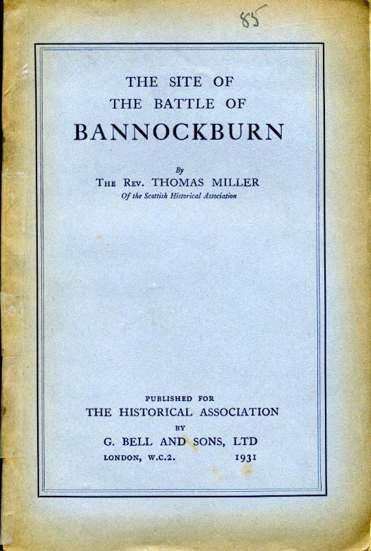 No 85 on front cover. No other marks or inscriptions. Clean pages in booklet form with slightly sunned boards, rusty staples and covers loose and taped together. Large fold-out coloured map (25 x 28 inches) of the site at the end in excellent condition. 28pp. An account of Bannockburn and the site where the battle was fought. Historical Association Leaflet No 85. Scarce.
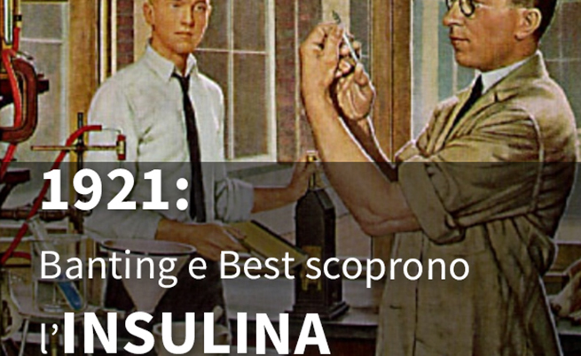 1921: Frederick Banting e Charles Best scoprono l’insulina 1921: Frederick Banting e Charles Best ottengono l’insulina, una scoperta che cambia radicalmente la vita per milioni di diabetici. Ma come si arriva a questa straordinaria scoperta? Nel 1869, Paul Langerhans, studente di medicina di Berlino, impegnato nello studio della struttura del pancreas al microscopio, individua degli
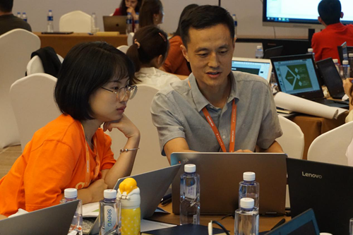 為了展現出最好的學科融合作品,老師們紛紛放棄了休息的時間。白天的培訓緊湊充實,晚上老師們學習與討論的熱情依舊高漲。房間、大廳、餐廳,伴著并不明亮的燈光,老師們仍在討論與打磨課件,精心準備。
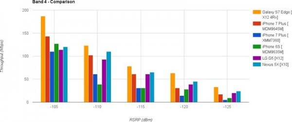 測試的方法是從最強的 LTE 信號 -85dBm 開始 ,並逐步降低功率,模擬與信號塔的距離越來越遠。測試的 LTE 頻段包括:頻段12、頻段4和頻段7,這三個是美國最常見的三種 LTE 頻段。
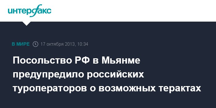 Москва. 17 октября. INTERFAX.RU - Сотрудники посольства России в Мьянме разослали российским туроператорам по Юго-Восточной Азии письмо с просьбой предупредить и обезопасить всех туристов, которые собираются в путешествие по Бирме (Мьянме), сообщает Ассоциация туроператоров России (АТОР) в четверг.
*-*-*
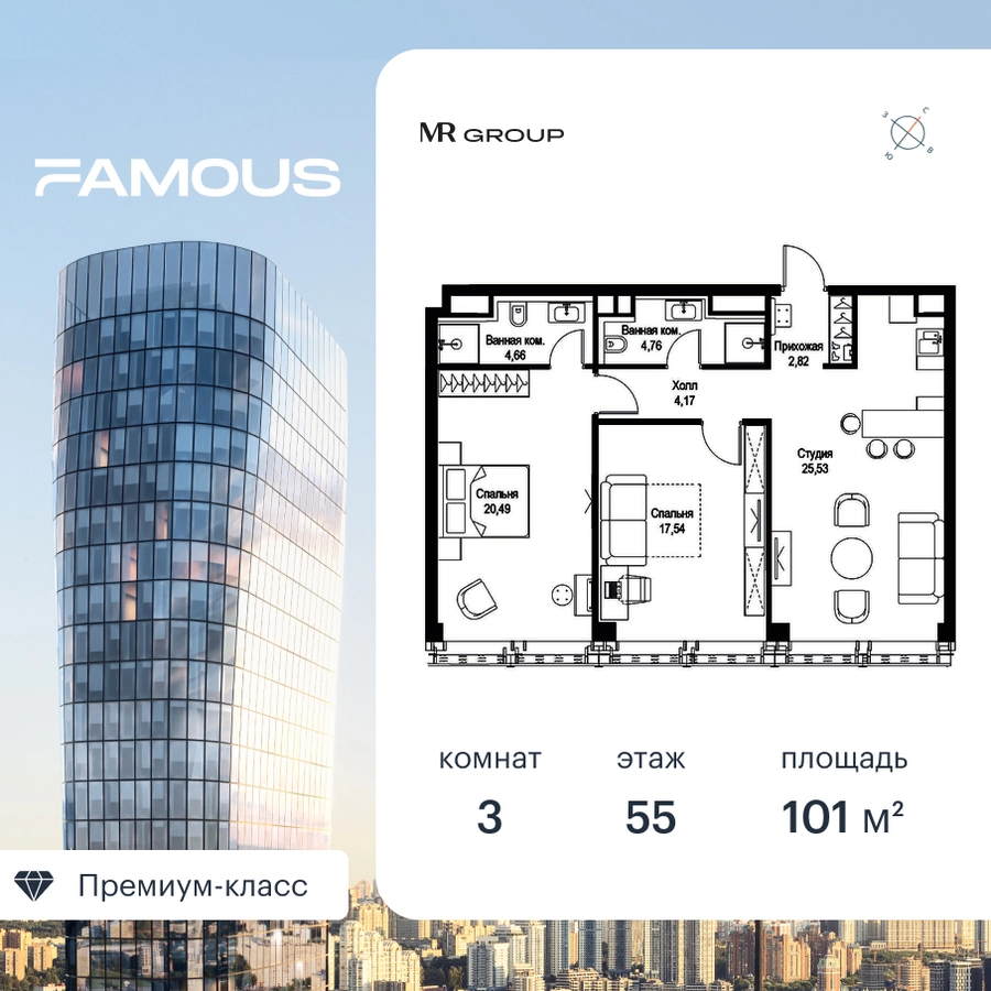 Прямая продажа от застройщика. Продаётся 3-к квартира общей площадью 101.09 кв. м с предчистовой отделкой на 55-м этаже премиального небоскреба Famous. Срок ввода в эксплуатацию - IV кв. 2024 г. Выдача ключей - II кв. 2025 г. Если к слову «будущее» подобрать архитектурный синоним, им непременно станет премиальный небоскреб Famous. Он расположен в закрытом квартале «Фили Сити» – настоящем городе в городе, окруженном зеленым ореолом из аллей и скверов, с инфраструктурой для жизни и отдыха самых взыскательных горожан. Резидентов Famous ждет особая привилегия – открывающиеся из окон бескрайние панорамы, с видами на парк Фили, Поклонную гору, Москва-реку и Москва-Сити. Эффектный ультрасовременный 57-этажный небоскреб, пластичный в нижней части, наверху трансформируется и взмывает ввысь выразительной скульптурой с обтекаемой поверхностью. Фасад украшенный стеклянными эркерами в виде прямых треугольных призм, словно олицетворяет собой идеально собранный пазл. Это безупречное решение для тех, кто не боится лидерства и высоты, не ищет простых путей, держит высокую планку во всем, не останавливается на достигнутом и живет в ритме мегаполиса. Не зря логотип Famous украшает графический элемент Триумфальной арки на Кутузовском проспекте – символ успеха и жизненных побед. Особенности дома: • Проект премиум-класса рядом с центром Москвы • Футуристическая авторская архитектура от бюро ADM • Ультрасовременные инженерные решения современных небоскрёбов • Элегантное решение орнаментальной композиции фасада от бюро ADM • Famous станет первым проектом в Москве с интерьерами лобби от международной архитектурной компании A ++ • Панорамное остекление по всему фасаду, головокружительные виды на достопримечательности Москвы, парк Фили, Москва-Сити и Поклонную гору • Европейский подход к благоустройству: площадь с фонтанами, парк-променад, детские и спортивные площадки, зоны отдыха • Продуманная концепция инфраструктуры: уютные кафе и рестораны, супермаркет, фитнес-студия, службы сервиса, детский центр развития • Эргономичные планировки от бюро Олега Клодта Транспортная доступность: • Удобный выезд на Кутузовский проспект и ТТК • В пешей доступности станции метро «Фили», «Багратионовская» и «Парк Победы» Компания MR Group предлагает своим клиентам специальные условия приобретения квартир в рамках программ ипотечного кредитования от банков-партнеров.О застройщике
*-*-*
▸ Exercise directions: Copy word for word only the lines above from the one with "1921: Frederick Banting e Charles Best scoprono" through the one with "Москва. 17 октября.". Leave pictures out.

▸ Your response:
 1921: Frederick Banting e Charles Best scoprono l’insulina 1921: Frederick Banting e Charles Best ottengono l’insulina, una scoperta che cambia radicalmente la vita per milioni di diabetici. Ma come si arriva a questa straordinaria scoperta? Nel 1869, Paul Langerhans, studente di medicina di Berlino, impegnato nello studio della struttura del pancreas al microscopio, individua degli
 為了展現出最好的學科融合作品,老師們紛紛放棄了休息的時間。白天的培訓緊湊充實,晚上老師們學習與討論的熱情依舊高漲。房間、大廳、餐廳,伴著并不明亮的燈光,老師們仍在討論與打磨課件,精心準備。
 測試的方法是從最強的 LTE 信號 -85dBm 開始 ,並逐步降低功率,模擬與信號塔的距離越來越遠。測試的 LTE 頻段包括:頻段12、頻段4和頻段7,這三個是美國最常見的三種 LTE 頻段。
 Москва. 17 октября. INTERFAX.RU - Сотрудники посольства России в Мьянме разослали российским туроператорам по Юго-Восточной Азии письмо с просьбой предупредить и обезопасить всех туристов, которые собираются в путешествие по Бирме (Мьянме), сообщает Ассоциация туроператоров России (АТОР) в четверг.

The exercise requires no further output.